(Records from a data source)
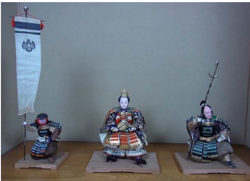
端午の節句人形(雑兵・豊臣秀吉・加藤清正) 明治34(1901)年 長崎市小川町 西家旧蔵品
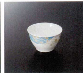
GH-361 湯呑 95×58 210cc ¥670
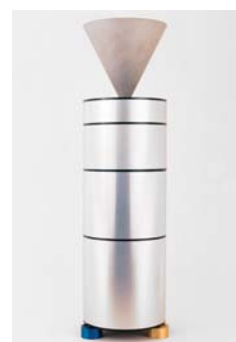
Lampe de table Tétractys , 1985 Sylvain Dubuisson, éditée par Neotu Dépôt du FNAC, 1986
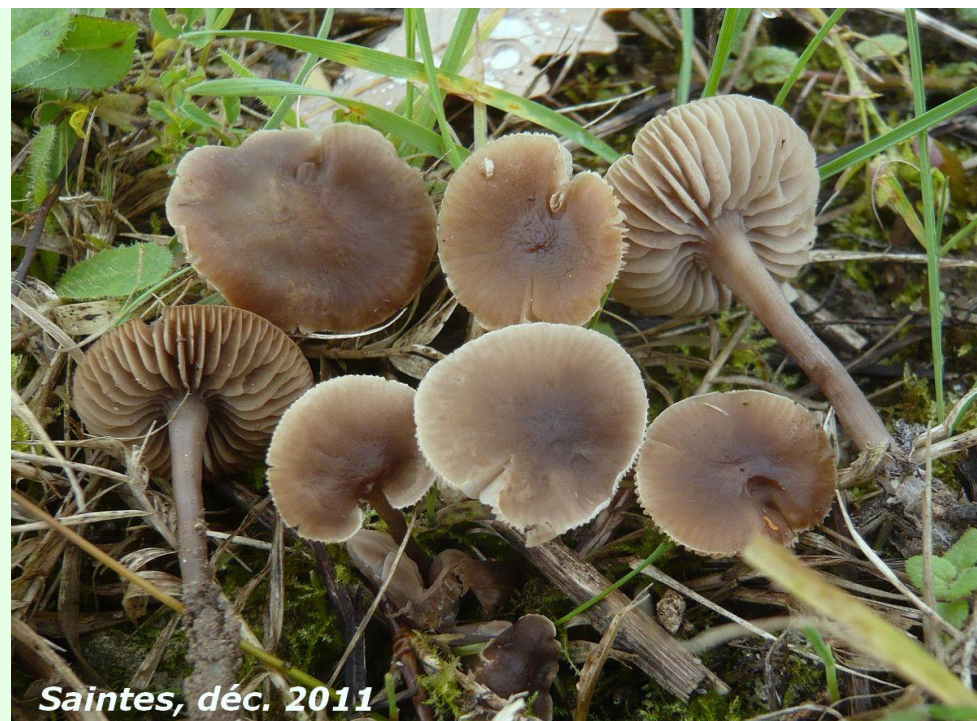
Saintes, déc. 2011
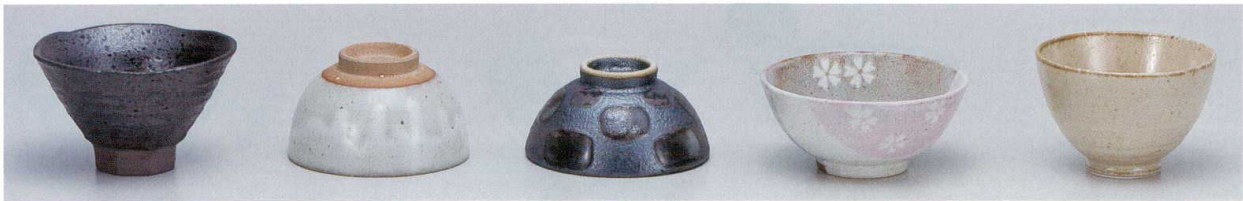
330-201-58 690円 高台黒吹茶碗 (12×7) 533040558 330-202-7 660円 うのふ大平 (11.5×6.5) 533050207 330-203-7 660円 うのふ小平 (10.6×6.2) 533050307 330-204-46 650円 黒市松中丸 (11.5×5.7) 533060446 330-205-46 550円 黒市松小丸 (10.5×5.5) 533060546 330-206-24 640円 志野桜中平 (12×5.5) 533060624 330-207-25 670円 うす茶うのふ茶碗 (10.5×7.1) 533050725
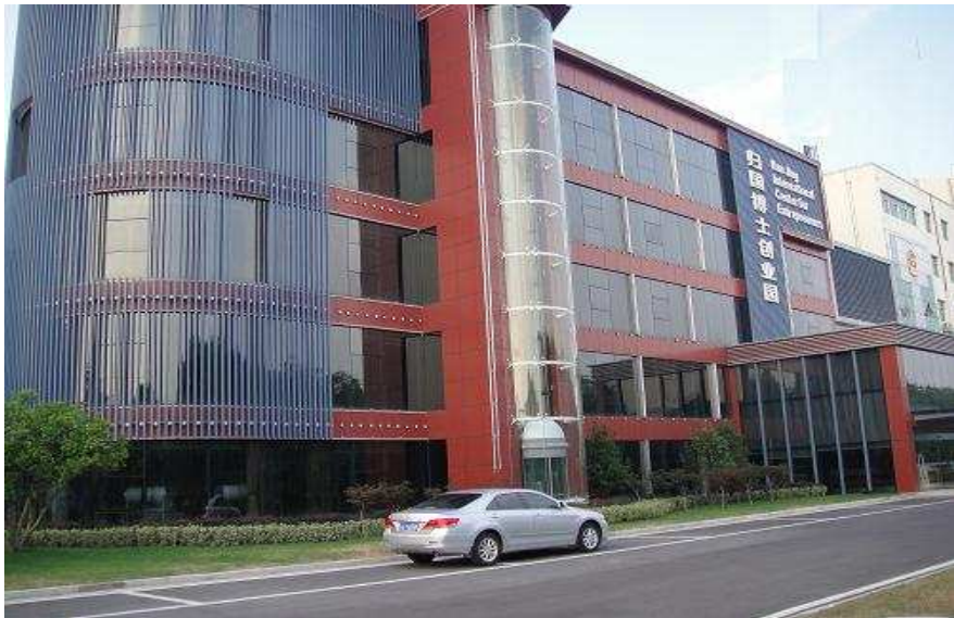
坐落在江宁开发区的南京归国博士创业园大厦

本期责任编辑：吕建彪，025-6660-2923，邮箱：1jb709396419@163.com
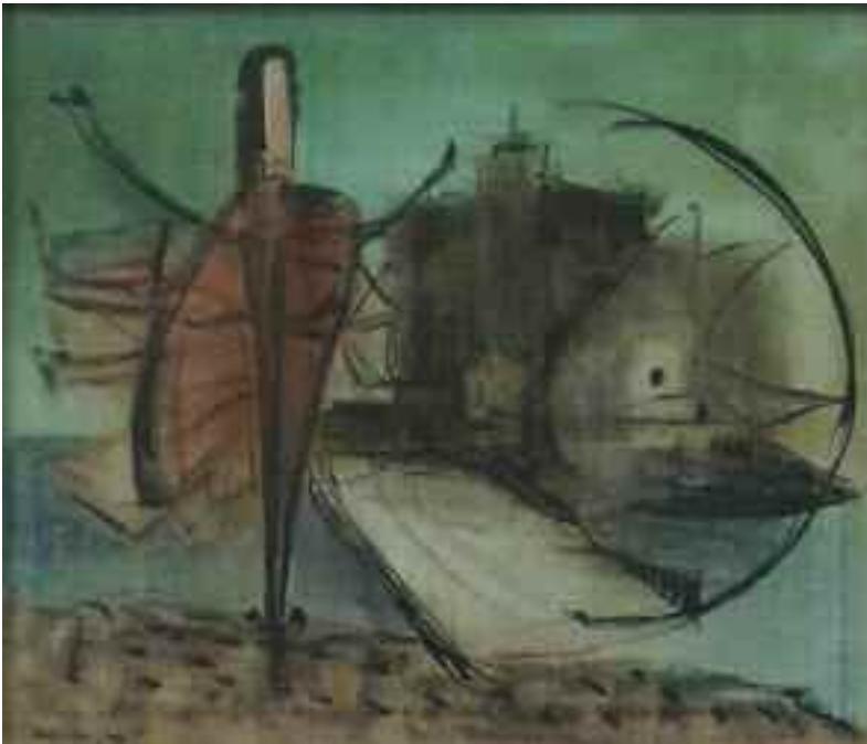
Martyn Ferenc: Ulysses , 1955. Tata Város tulajdona
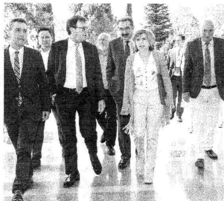
Carcedo, junto al resto de autoridades, inauguró las Jornadas.

En su intervención María Luisa Carcedo se ha referido a indicadores, como la obesidad y el sobrepeso infantil, o como las familias pobres consumen más alimentos azucarados o procesados, lo que representa un «coste social evidente a largo plazo» al implicar obesidad de adultos o enfermedades como la diabetes. Frente a esto, ha planteado acciones que se pueden impulsar: desde lo público, como los programas de comedores escolares ligados a actividades extraescolares, y por tanto, sin «estigma social». Sobre su continuidad al frente del Ministerio, Carcedo ni confirmó ni desmintió, señalando que eso es algo que dependerá del Gobierno y que estará donde su partido decida, aunque reconoció que queda mucho trabajo por hacer en su Departamento.
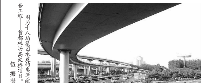
图为十八局集团承建的奥运配套工程——首都机场高架桥项目。

单位 二十局集团四公司 参建工程 胶济客运专线 职务 女工班班长 奥运寄语 2008年北京奥运会,属于中国,也属于世界,能够参与其中,我备感荣幸!我们将向世界展示中国筑路人的形象,建最好的奥运大道!
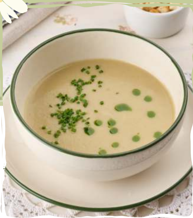
Крем-суп из шампиньонов с гренками
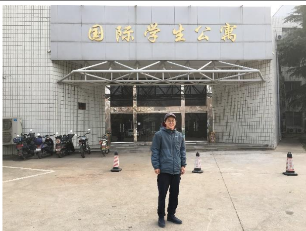
國際學生宿舍門口

舜耕校區-國際生宿舍，一個人 750RMB/月(含水電)。宿舍分別有單人、雙人和四人套房，男女混宿，無門禁，鑰匙為磁卡。房間非常寬敞基本配備都有，且免費提供床墊、床包、棉被、枕頭等一應俱全，房內也有冷暖氣，非常舒適。房內也有冷熱飲水機，但需自行叫水 12RMB/桶約 12 公升。宿舍內有廚房、餐廳、閱覽室、自習室、洗衣間(洗衣機 45 分鐘/3RMB、烘衣機 60 分鐘/5RMB)、交誼廳和桌球桌。
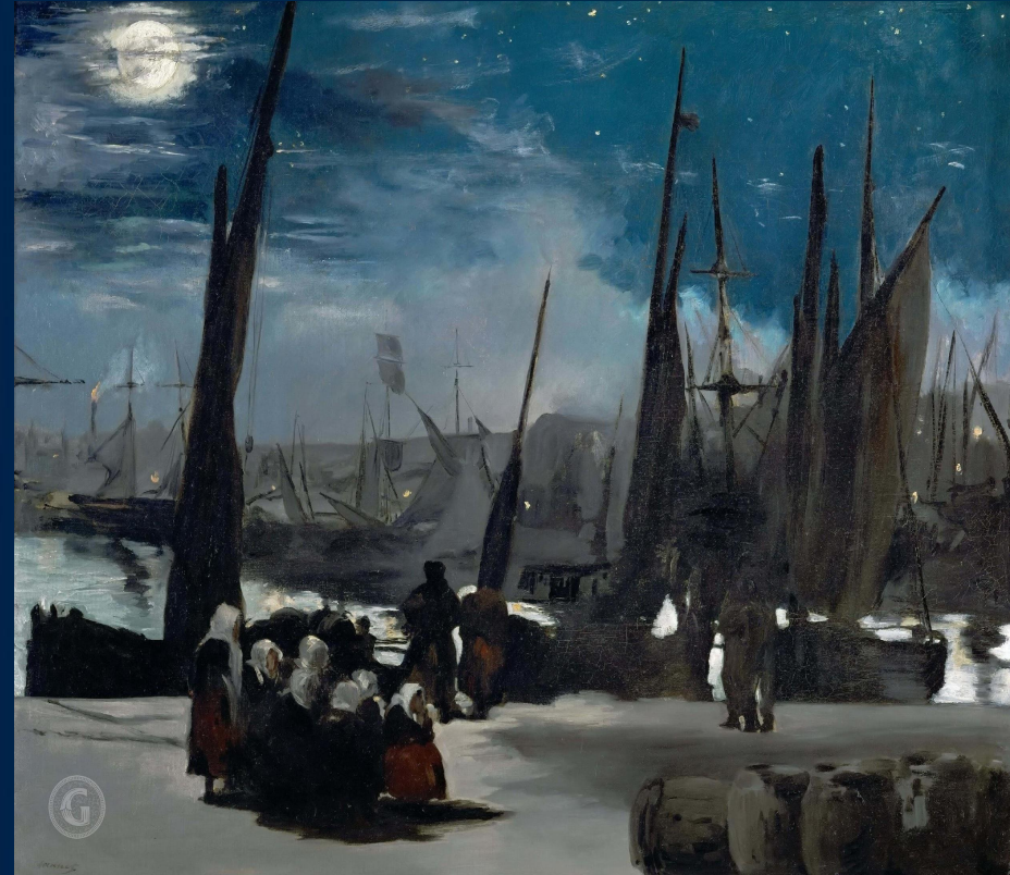
Лунная ночь в Булонском порту, 1869
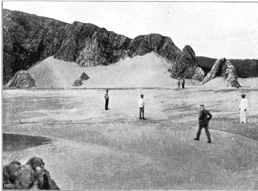
Abbild. 34. Am Strand bei Salina Cruz, unterhalb des Leuchtturms. Mikrogranitfelsen des Morro de Salinas, mit von den Südwinden bis zu etwa 40 m Höhe aufgewehtem Sand.

TASK TO COMPLETE: Every record above, copied exactly and without a single picture, makes up the answer.

ANSWER BOX:
端午の節句人形(雑兵・豊臣秀吉・加藤清正) 明治34(1901)年 長崎市小川町 西家旧蔵品
GH-361 湯呑 95×58 210cc ¥670
Lampe de table Tétractys , 1985 Sylvain Dubuisson, éditée par Neotu Dépôt du FNAC, 1986
Saintes, déc. 2011
330-201-58 690円 高台黒吹茶碗 (12×7) 533040558 330-202-7 660円 うのふ大平 (11.5×6.5) 533050207 330-203-7 660円 うのふ小平 (10.6×6.2) 533050307 330-204-46 650円 黒市松中丸 (11.5×5.7) 533060446 330-205-46 550円 黒市松小丸 (10.5×5.5) 533060546 330-206-24 640円 志野桜中平 (12×5.5) 533060624 330-207-25 670円 うす茶うのふ茶碗 (10.5×7.1) 533050725
坐落在江宁开发区的南京归国博士创业园大厦

本期责任编辑：吕建彪，025-6660-2923，邮箱：1jb709396419@163.com
Martyn Ferenc: Ulysses , 1955. Tata Város tulajdona
Carcedo, junto al resto de autoridades, inauguró las Jornadas.

En su intervención María Luisa Carcedo se ha referido a indicadores, como la obesidad y el sobrepeso infantil, o como las familias pobres consumen más alimentos azucarados o procesados, lo que representa un «coste social evidente a largo plazo» al implicar obesidad de adultos o enfermedades como la diabetes. Frente a esto, ha planteado acciones que se pueden impulsar: desde lo público, como los programas de comedores escolares ligados a actividades extraescolares, y por tanto, sin «estigma social». Sobre su continuidad al frente del Ministerio, Carcedo ni confirmó ni desmintió, señalando que eso es algo que dependerá del Gobierno y que estará donde su partido decida, aunque reconoció que queda mucho trabajo por hacer en su Departamento.
图为十八局集团承建的奥运配套工程——首都机场高架桥项目。

单位 二十局集团四公司 参建工程 胶济客运专线 职务 女工班班长 奥运寄语 2008年北京奥运会,属于中国,也属于世界,能够参与其中,我备感荣幸!我们将向世界展示中国筑路人的形象,建最好的奥运大道!
Крем-суп из шампиньонов с гренками
國際學生宿舍門口

舜耕校區-國際生宿舍，一個人 750RMB/月(含水電)。宿舍分別有單人、雙人和四人套房，男女混宿，無門禁，鑰匙為磁卡。房間非常寬敞基本配備都有，且免費提供床墊、床包、棉被、枕頭等一應俱全，房內也有冷暖氣，非常舒適。房內也有冷熱飲水機，但需自行叫水 12RMB/桶約 12 公升。宿舍內有廚房、餐廳、閱覽室、自習室、洗衣間(洗衣機 45 分鐘/3RMB、烘衣機 60 分鐘/5RMB)、交誼廳和桌球桌。
Лунная ночь в Булонском порту, 1869
Abbild. 34. Am Strand bei Salina Cruz, unterhalb des Leuchtturms. Mikrogranitfelsen des Morro de Salinas, mit von den Südwinden bis zu etwa 40 m Höhe aufgewehtem Sand.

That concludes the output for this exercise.